:: TRY IT ::
Leaving out all pictures, give again each line exactly, from the start of the listing through the line that contains "The intelligent vision".

/---

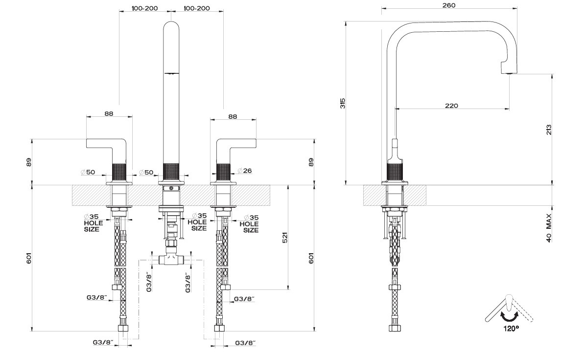 Unghiul de rotaţie120 °
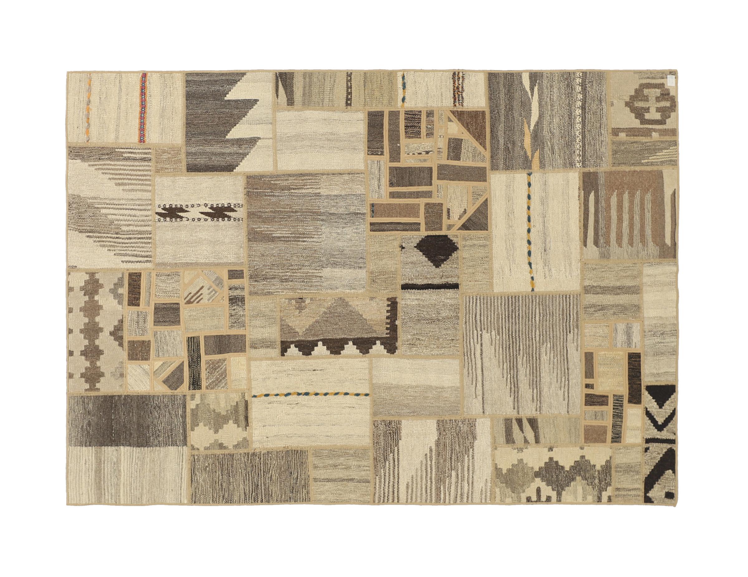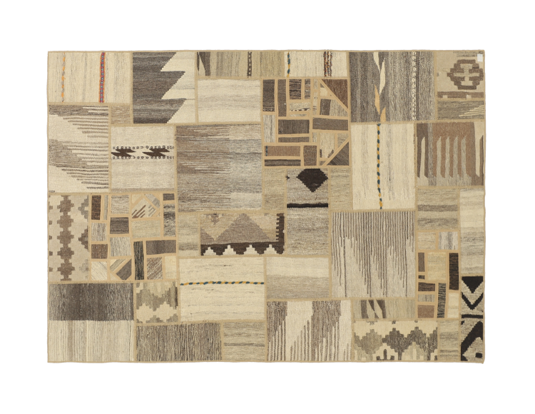 This beautiful patchwork kilim combines the fine craftsmanship of talented master carpet weavers from Iran, Afghanistan, Turkey and the Caucasus. The individual pieces of traditionally produced kilims have been cleaned, processed and assembled into a new pattern. The result is an oriental rug with a unique design in a patchwork look that is both light and robust thanks to its woven structure.
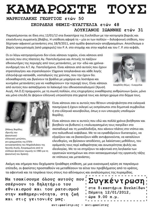 ΚΑΛΕΣΜΑ ΔΙΑΜΑΡΤΥΡΙΑΣ -Τετάρτη 11/01/2012 -2:30΄μμ στο τμήμα του Αγ. Παντελεήμονα & Πέμπτη 12/01 στις 9.00 π.μ στα δικαστήρια Ευελπίδων στη δίκη των μαχαιροβγαλτών του Αγ. Παντελεήμονα,
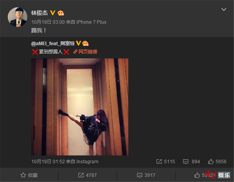 说起张惠妹与林俊杰,二人也算是娱乐圈的一对模范“姐弟联盟”。早在2001年,林俊杰就为阿妹写下名曲《记得》,阿妹也总为JJ站台,还在其妈妈生病时给予安慰。二人互动频繁,在彼此微博里名字出镜率都极高。10月19日,张惠妹深夜在发微:“累到想踢人”。配图中阿妹眼神带“杀气”,双手握拳,一个暗藏爆发力的下颚踢动作。由此可以看出《声音的战争》录制强度,以及来势汹汹的素人歌手能耐有多大?连张天后都怒了,评论中还有不少网友心疼阿妹太辛苦,腿都瘦了一大圈。这次,张惠妹是豁出去了!
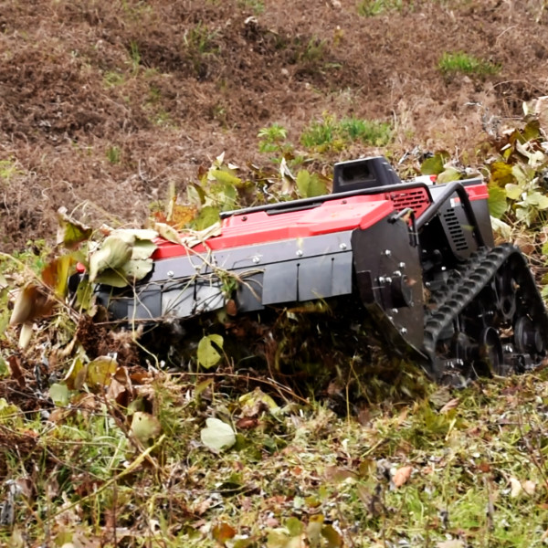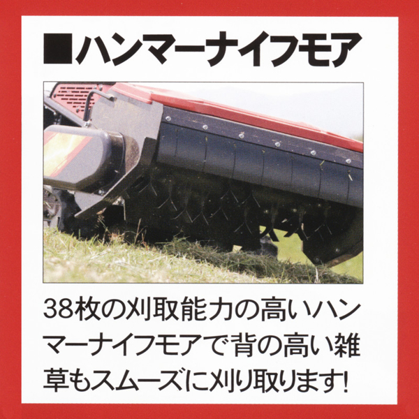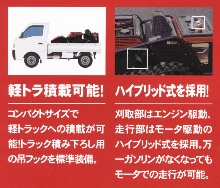 コンパクトなボディは軽トラ積載可能。エンジン刈取+バッテリー走行のハイブリッドで安定した作業を実現。最大作業角度は全方位30°。クローラによりその場での旋回も可能。38枚刃のハンマーナイフモアが背丈150cm程度の草でも刈り取ります。なによりもラジコン操作なのでハンドルを持たなくていいのが最大の特徴!作業による疲れを大幅に軽減します。
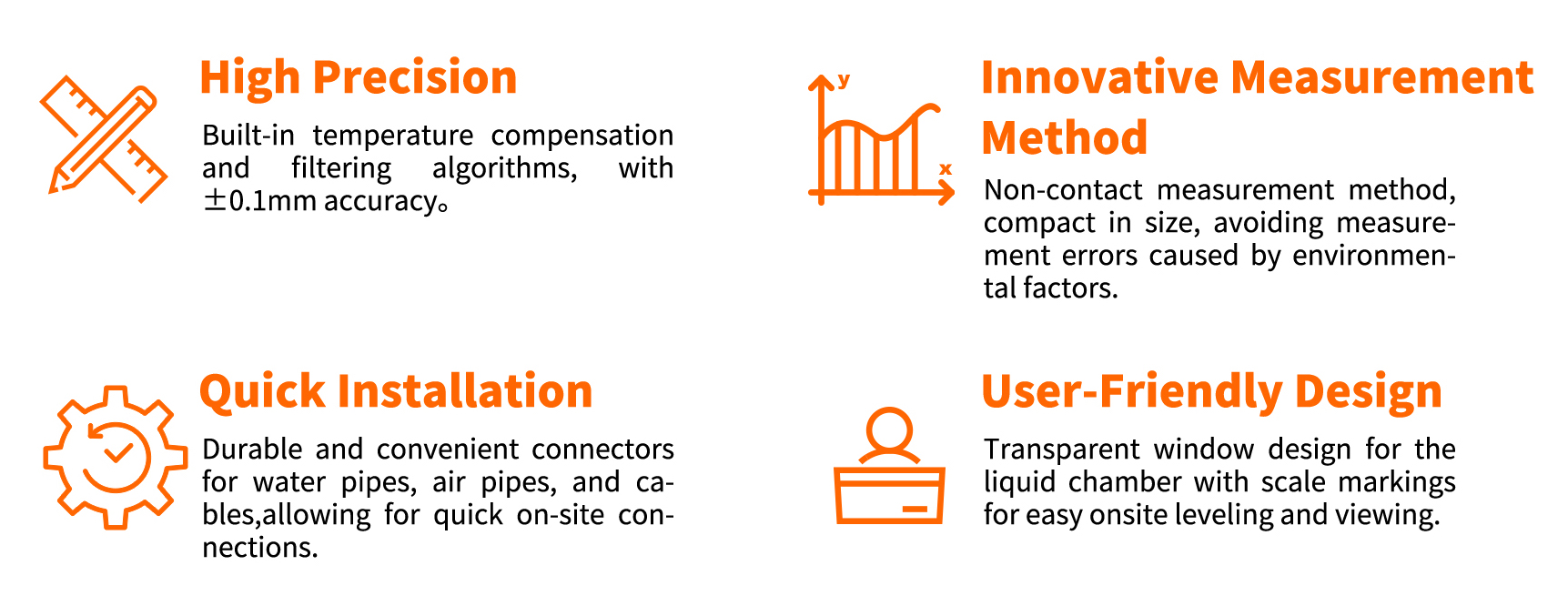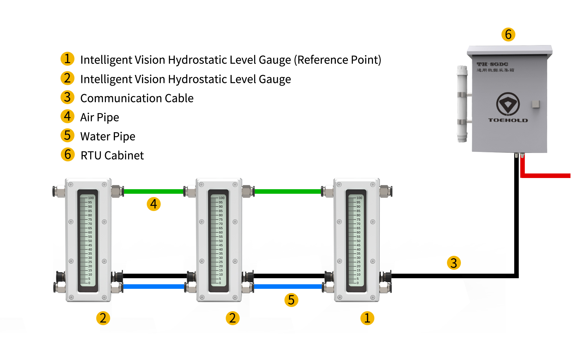 The intelligent vision hydrostatic level gauge, equipped with a CMOS line-scan camera, can directly detect the position of the liquid surface boundary and output the liquid level. Then all the levels will be transmitted to the platform which calculates the relative settlement of the structure.This intelligent vision hydrostatic leveling system consists mainly of hydrostatic level gauges (measurement points), connecting cables (including data buses, water pipes, and air pipes) and RTUs . The hydrostatic level gauges can be attached to the structure to measure elevation data along all the measurement points.This product is installed on the surface of the structure and can be used for settlement monitoring of dams,tunnels,buildings, and other structures.
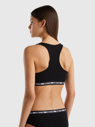 Benetton ženski brushalter od rastegljivog organskog pamuka, sa žakar gumicom sa logotipom. Fiksne široke britele i leđa u trkačkom stilu. Sportski i izuzetno udobni.

\---

:: RESULT OF THE TASK ::
 Unghiul de rotaţie120 °
 This beautiful patchwork kilim combines the fine craftsmanship of talented master carpet weavers from Iran, Afghanistan, Turkey and the Caucasus. The individual pieces of traditionally produced kilims have been cleaned, processed and assembled into a new pattern. The result is an oriental rug with a unique design in a patchwork look that is both light and robust thanks to its woven structure.
 ΚΑΛΕΣΜΑ ΔΙΑΜΑΡΤΥΡΙΑΣ -Τετάρτη 11/01/2012 -2:30΄μμ στο τμήμα του Αγ. Παντελεήμονα & Πέμπτη 12/01 στις 9.00 π.μ στα δικαστήρια Ευελπίδων στη δίκη των μαχαιροβγαλτών του Αγ. Παντελεήμονα,
 说起张惠妹与林俊杰,二人也算是娱乐圈的一对模范“姐弟联盟”。早在2001年,林俊杰就为阿妹写下名曲《记得》,阿妹也总为JJ站台,还在其妈妈生病时给予安慰。二人互动频繁,在彼此微博里名字出镜率都极高。10月19日,张惠妹深夜在发微:“累到想踢人”。配图中阿妹眼神带“杀气”,双手握拳,一个暗藏爆发力的下颚踢动作。由此可以看出《声音的战争》录制强度,以及来势汹汹的素人歌手能耐有多大?连张天后都怒了,评论中还有不少网友心疼阿妹太辛苦,腿都瘦了一大圈。这次,张惠妹是豁出去了!
 コンパクトなボディは軽トラ積載可能。エンジン刈取+バッテリー走行のハイブリッドで安定した作業を実現。最大作業角度は全方位30°。クローラによりその場での旋回も可能。38枚刃のハンマーナイフモアが背丈150cm程度の草でも刈り取ります。なによりもラジコン操作なのでハンドルを持たなくていいのが最大の特徴!作業による疲れを大幅に軽減します。
 The intelligent vision hydrostatic level gauge, equipped with a CMOS line-scan camera, can directly detect the position of the liquid surface boundary and output the liquid level. Then all the levels will be transmitted to the platform which calculates the relative settlement of the structure.This intelligent vision hydrostatic leveling system consists mainly of hydrostatic level gauges (measurement points), connecting cables (including data buses, water pipes, and air pipes) and RTUs . The hydrostatic level gauges can be attached to the structure to measure elevation data along all the measurement points.This product is installed on the surface of the structure and can be used for settlement monitoring of dams,tunnels,buildings, and other structures.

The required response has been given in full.